Exercise inputs section start
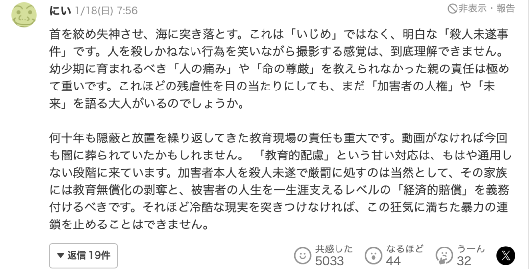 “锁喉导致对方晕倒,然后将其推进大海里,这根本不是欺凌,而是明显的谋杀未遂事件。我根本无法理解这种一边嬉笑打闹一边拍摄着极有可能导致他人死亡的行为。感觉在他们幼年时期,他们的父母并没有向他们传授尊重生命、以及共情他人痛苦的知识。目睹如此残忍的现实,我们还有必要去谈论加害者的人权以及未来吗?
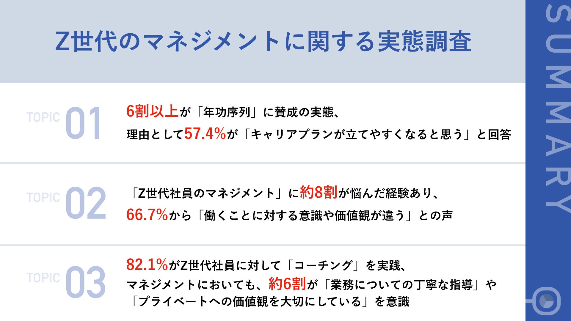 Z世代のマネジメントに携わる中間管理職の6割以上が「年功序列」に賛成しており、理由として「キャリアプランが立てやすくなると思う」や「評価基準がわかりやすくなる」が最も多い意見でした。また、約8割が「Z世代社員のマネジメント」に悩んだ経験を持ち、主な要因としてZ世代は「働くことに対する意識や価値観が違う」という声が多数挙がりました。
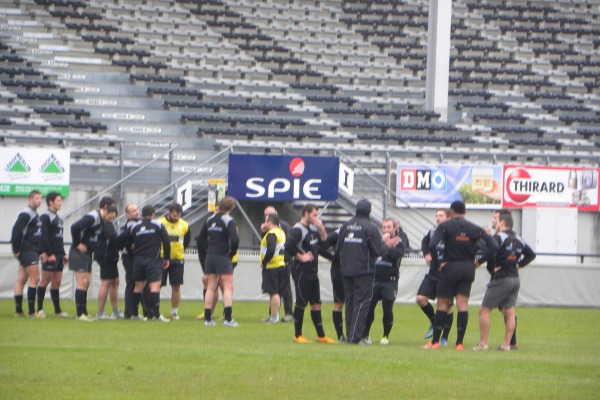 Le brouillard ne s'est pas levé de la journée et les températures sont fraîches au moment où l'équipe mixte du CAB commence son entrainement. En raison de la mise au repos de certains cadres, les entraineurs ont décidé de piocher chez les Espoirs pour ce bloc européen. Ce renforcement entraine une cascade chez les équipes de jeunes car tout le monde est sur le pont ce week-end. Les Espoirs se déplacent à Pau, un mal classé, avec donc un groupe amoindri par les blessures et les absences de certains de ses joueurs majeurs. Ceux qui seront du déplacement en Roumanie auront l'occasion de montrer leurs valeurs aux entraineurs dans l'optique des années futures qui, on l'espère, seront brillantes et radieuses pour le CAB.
Exercise inputs section end
Exercise inputs section start
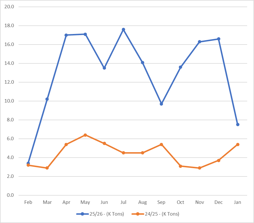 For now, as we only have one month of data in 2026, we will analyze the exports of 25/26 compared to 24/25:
Exercise inputs section end
## What is expected
From the entries above, copy exactly the lines starting at the one with "Z世代のマネジメントに携わる" and stopping at the one with "Le brouillard ne", keeping both ends. Drop the pictures.

## The answer
 Z世代のマネジメントに携わる中間管理職の6割以上が「年功序列」に賛成しており、理由として「キャリアプランが立てやすくなると思う」や「評価基準がわかりやすくなる」が最も多い意見でした。また、約8割が「Z世代社員のマネジメント」に悩んだ経験を持ち、主な要因としてZ世代は「働くことに対する意識や価値観が違う」という声が多数挙がりました。
 Le brouillard ne s'est pas levé de la journée et les températures sont fraîches au moment où l'équipe mixte du CAB commence son entrainement. En raison de la mise au repos de certains cadres, les entraineurs ont décidé de piocher chez les Espoirs pour ce bloc européen. Ce renforcement entraine une cascade chez les équipes de jeunes car tout le monde est sur le pont ce week-end. Les Espoirs se déplacent à Pau, un mal classé, avec donc un groupe amoindri par les blessures et les absences de certains de ses joueurs majeurs. Ceux qui seront du déplacement en Roumanie auront l'occasion de montrer leurs valeurs aux entraineurs dans l'optique des années futures qui, on l'espère, seront brillantes et radieuses pour le CAB.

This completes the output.